There’s legal precedent suggesting that colleges—which already require students to receive other common vaccinations—are within their bounds to require a COVID-19 shot, allowing for limited exemptions. In Georgia, the university system chancellor and college presidents are authorized to require immunization during an epidemic, and UGA students are required to show proof of immunity to measles, mumps, rubella, chicken pox, tetanus and hepatitis B with no exceptions. But there are also a number of reasons that schools might not require the new vaccine, including hesitancy among certain groups and questions about availability for international students. Meanwhile, the federal government has offered little guidance to states and colleges navigating increasingly controversial terrain.

At Nova Southeastern, college officials hadn’t yet detailed how exactly the requirement would work when DeSantis issued his executive order, and school officials said they are reviewing it. “Our priority has always been to save lives, to prevent the spread of COVID-19, to deliver the best educational experience and to protect our students and employees to the best of our ability,” Hanbury said in an Apr. 8 statement.

Partisan Divide

The possibility that Americans will be required to prove they’ve received a COVID-19 vaccine in order to return to their office, school or entertainment venues has sparked a politically polarizing response, similar to the way mask requirements sparked division early in the pandemic.

Conservatives in Washington, D.C. and state capitals have seized on the idea of vaccination passports, blasting them as violating health privacy. Several governors, including DeSantis and Iowa Gov. Kim Reynolds, either have banned vaccine passports or vowed to support bills doing so. (DeSantis’ office did not respond to questions about whether his ban was intended to prohibit colleges from vaccination requirements.)

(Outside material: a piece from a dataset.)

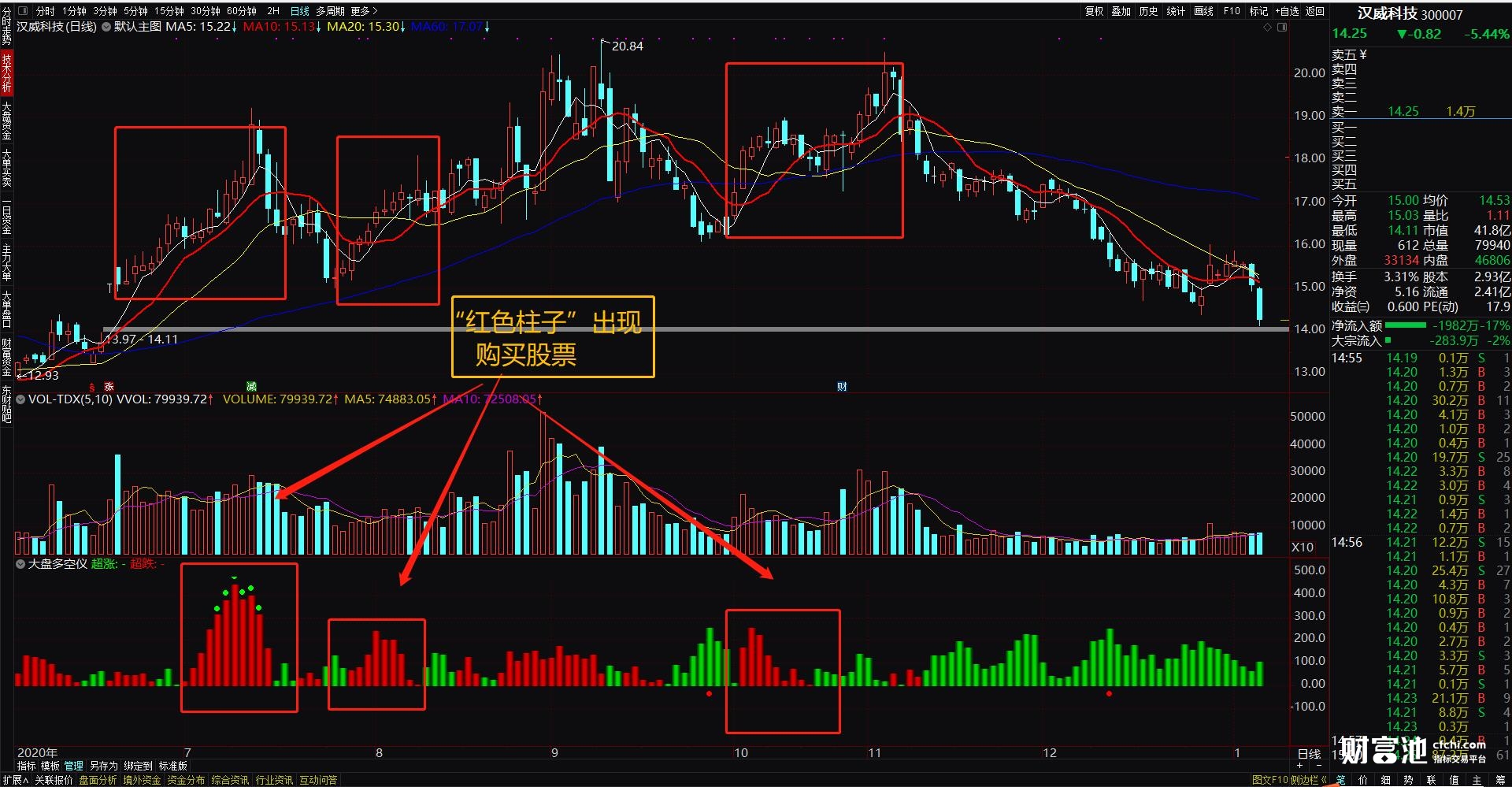 “红色柱子”表明这段期间股价上涨,此时购买利润翻倍;“绿色柱子”表明这段期间股价整体呈下滑趋势,不宜购买股票。

Meanwhile, Democratic-run New York has forged ahead with a free digital app to prove you’ve been vaccinated or recently received a negative coronavirus test result. Designed by IBM, New York’s Excelsior Pass gives a special code that businesses can scan, allowing people to leave their paper vaccination cards at home.

A Georgia House bill barring vaccine passports did not make it to the Senate during the 2021 legislative session.

Democratic officials in Hawaii, a state that relies heavily on tourists and business owners feeling safe about in-person dining and entertainment, also have said they’re considering a passport system.

President Joe Biden’s administration has largely sidestepped the issue, saying they believe it’s not the government’s role to create a centralized database on which Americans have and have not been vaccinated. Federal officials have deferred to the range of private-sector companies that are attempting to build vaccination apps, advising only that the apps must ensure data is kept secure and that there are non-digital options available so no one is excluded from traveling or entering businesses. That’s offered little support for colleges weighing a requirement, or clarity on the type of exemptions that they might need to allow.